In high level terms, an `Option` wraps another type and has two variants:
- `some v` indicates there is some result, `v`
- `none` indicates there is not a result
Option types are nice for (at least!) two reasons:
1. They require programmers to explicitly handle no result, instead of falling back to e.g. `key not found` errors or null pointer exceptions.
2. Data structures that return option types sometimes allow us to write more efficient lookup code.
For example, in Python, a programming might write the following to print a value if it is present in a dictionary:
```
if key in dict: # Check if key is there
print(key[dict]) # Get value if so
```
This pattern checks the dictionary twice, one to check if `key` is present, and once to get its value. While both of these are amortized constant time, this is still somewhat redundant work.
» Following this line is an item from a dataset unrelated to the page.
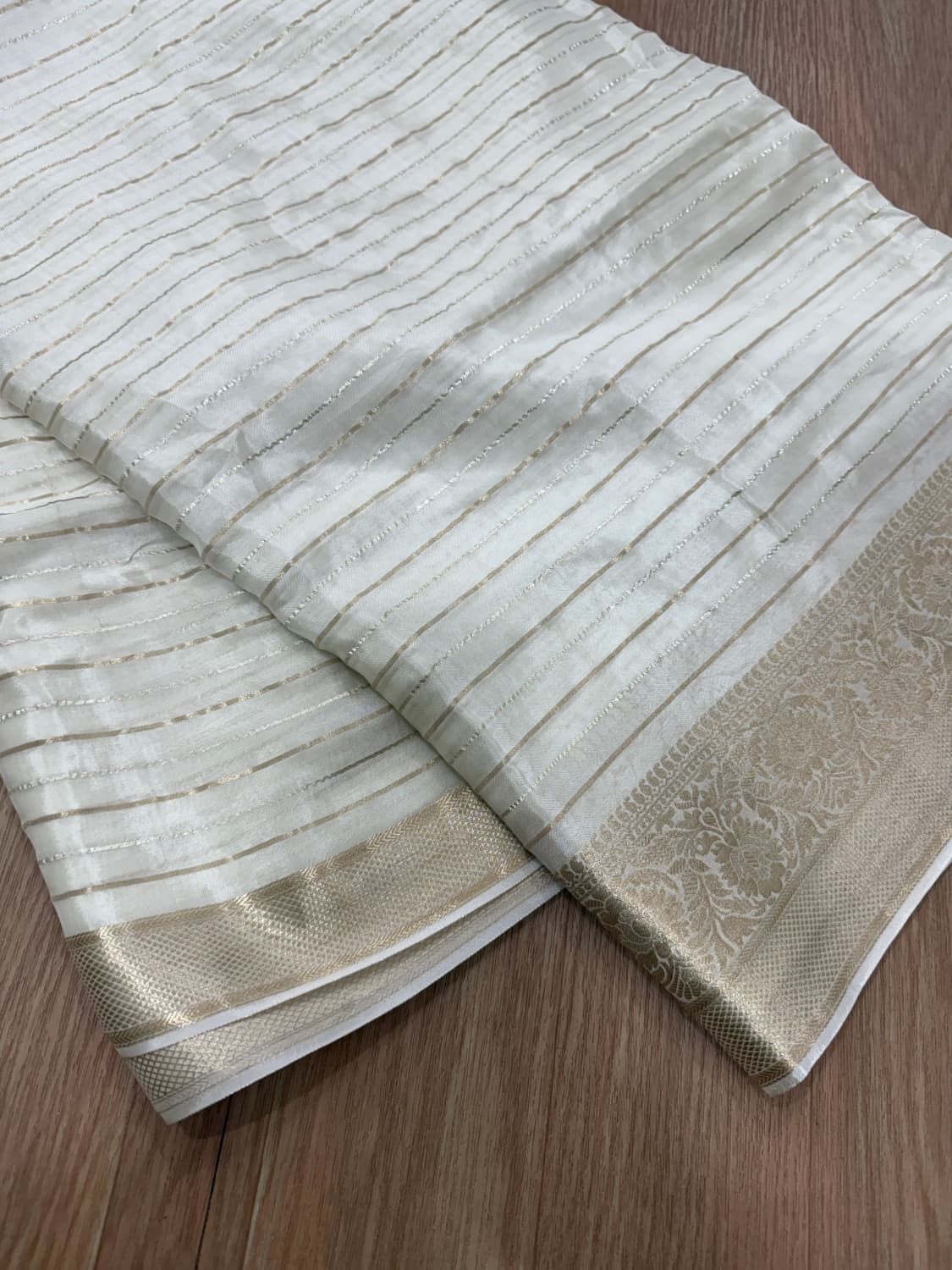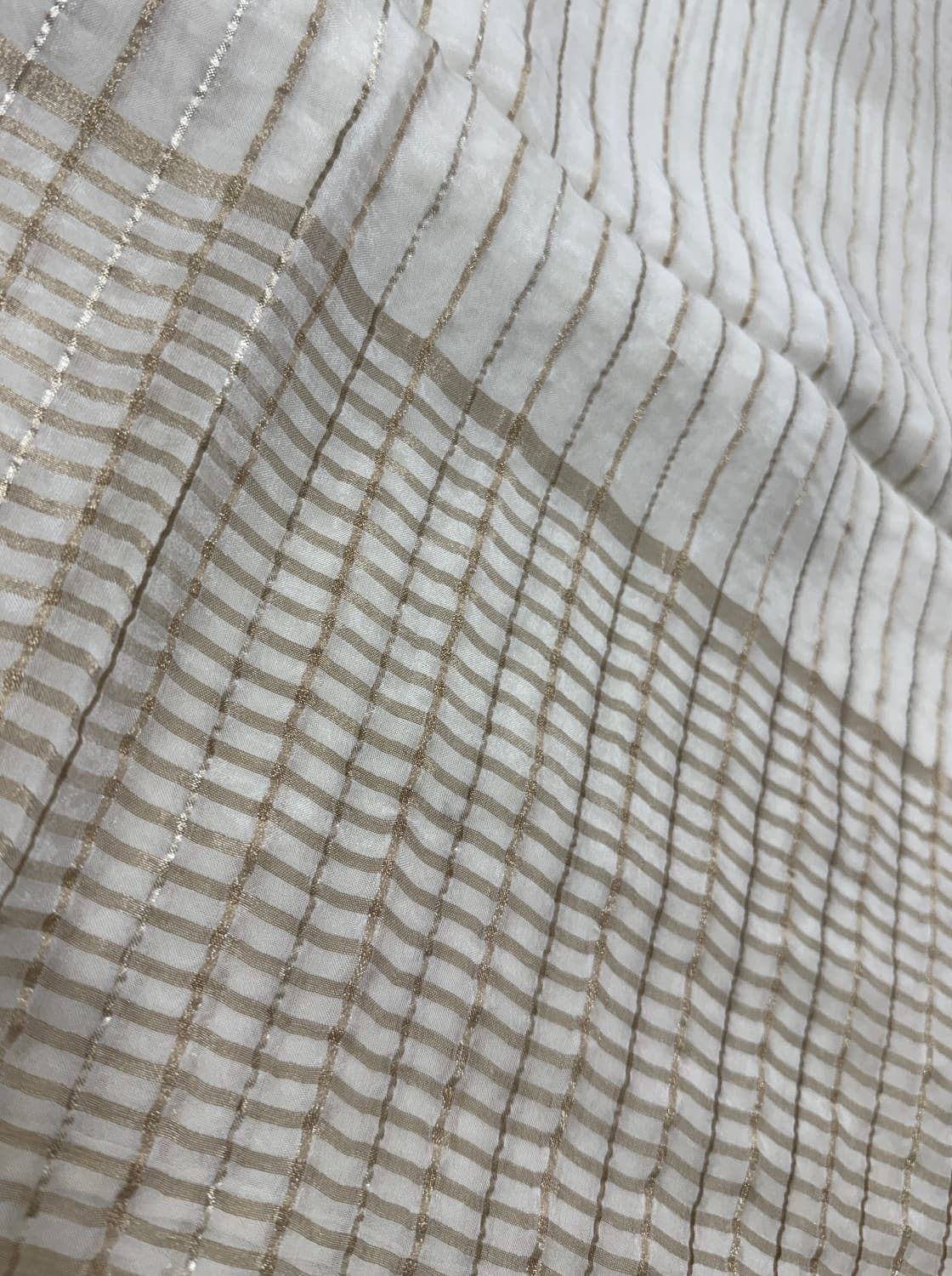 Fabric - space silk Super soft, glides on body 5.5 mtrs Styling tip - Pair it with our natural crepe blouse piece . Washcare -handwash, first wash with rock salt diluted water . SOLD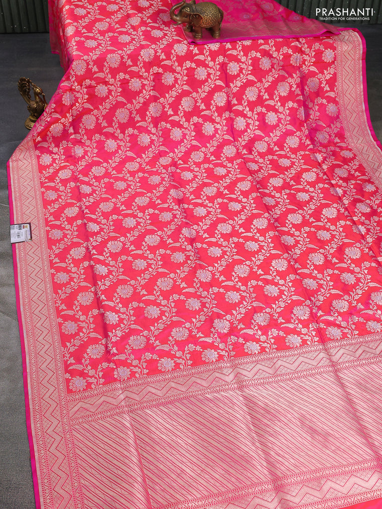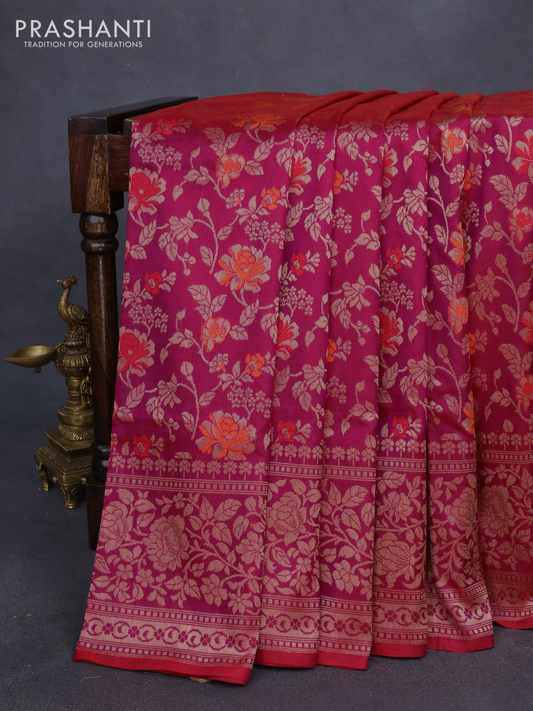Banarasi uppada silk saree magenta pink with allover thread & zari woven floral weaves and floral zari woven border

If a hashmap returns an option type, as we'll see below, we query the hashmap once, then do a very quick (worst case still constant time) check for whether it is `some` or `none`.
Here is our case for looking up constants as part of `calc`:
```racket
(define (calc (e : MathExpr)) : Number
(type-case MathExpr e
[(e-num value) value]
[(e-const name)
(let ([n (hash-ref consts name)])
(if (some? n) ; if result
(some-v n) ; access the value field
(error 'calc-error "constant not found")))]
; ...
```
#### Full `calc.rkt` file at the end of Monday's lecture
```racket
#lang plait
;; Define a data type, MathExpr, that can either be a
;; numeric value, and addition of two arguments (left or
;; right), or a pre-defined mathematical constant.
;; This is our AST for our lecture language
(define-type MathExpr
; Number is a type built in to plait
(e-num [value : Number])
; Symbol is a type built in to plait
(e-const [name : Symbol])
; Like our grammar, this type definition is recursive
(e-add [left : MathExpr]
[right : MathExpr]))
;; Note: this is similar to variables on A3 interp
(define (create-consts)
(let* ([init (hash '())]
[justpi (hash-set init 'pi 3.14)])
justpi))
(define consts (create-consts))
;; "calc" is our interpreter on these mathematical
;; expressions.
(define (calc (e : MathExpr)) : Number
(type-case MathExpr e
[(e-num value) value]
[(e-const name)
; Lookup the name in our constant hash table
(let ([res (hash-ref consts name)])
(if (some? res)
(some-v res)
(error 'calc-error "const not found")))]
; (error 'calc-error "TODO, need to implement")]
[(e-add left right)
(+ (calc left) (calc right))]))
```
Next class, we'll go over the `hash` logic in more detail, as well as do a group exercise on implementing *different* semantics than Racket's semantics for `divide`.